■ Information shown
★ ★ ★ ★ ★ ★ ★

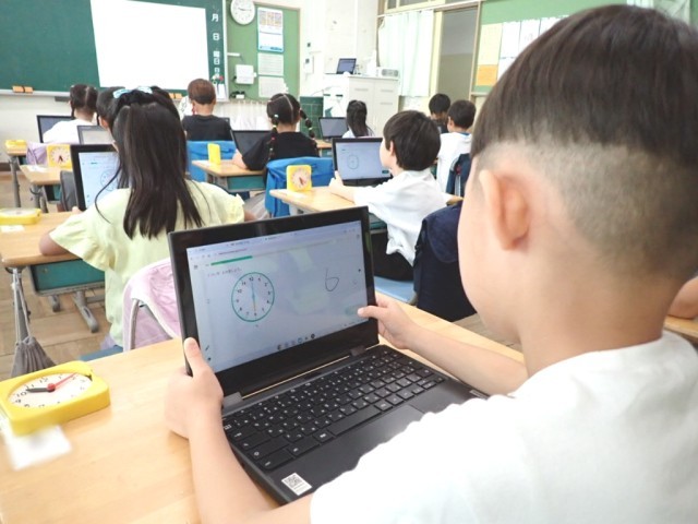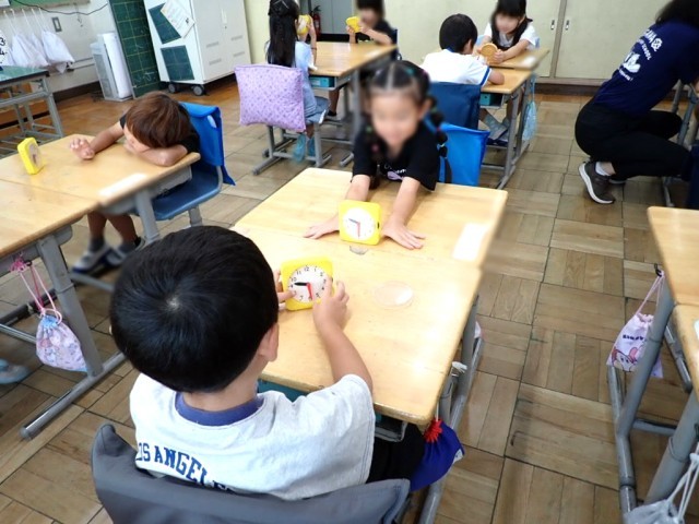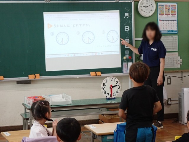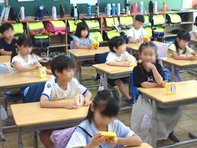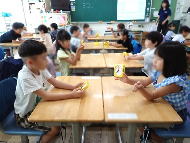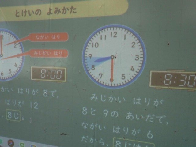 それから本題。今日は「なんじなんじはんめいじんになろう!」ということで、時計の模型を使って学習しました。お隣さんとペアになって問題を出し合い、楽しく何度も時計を読む練習をしました。
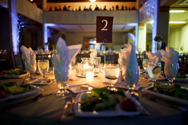 Dinner (sitting 8-12 per table) using round table 12 sq ft/person.
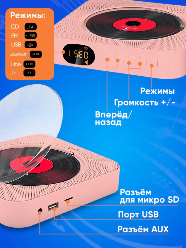 Отзывы на CD проигрыватель для дисков / cd плеер с USB, радио, пульт ДУ, дисплеем (розовый)

★ ★ ★ ★ ★ ★ ★

■ Problem to solve
Please copy, exactly and only, the lines of the listing that run from the one holding "Dinner (sitting 8-12" through its last line, and exclude pictures.

■ Completed exercise
 Dinner (sitting 8-12 per table) using round table 12 sq ft/person.
 Отзывы на CD проигрыватель для дисков / cd плеер с USB, радио, пульт ДУ, дисплеем (розовый)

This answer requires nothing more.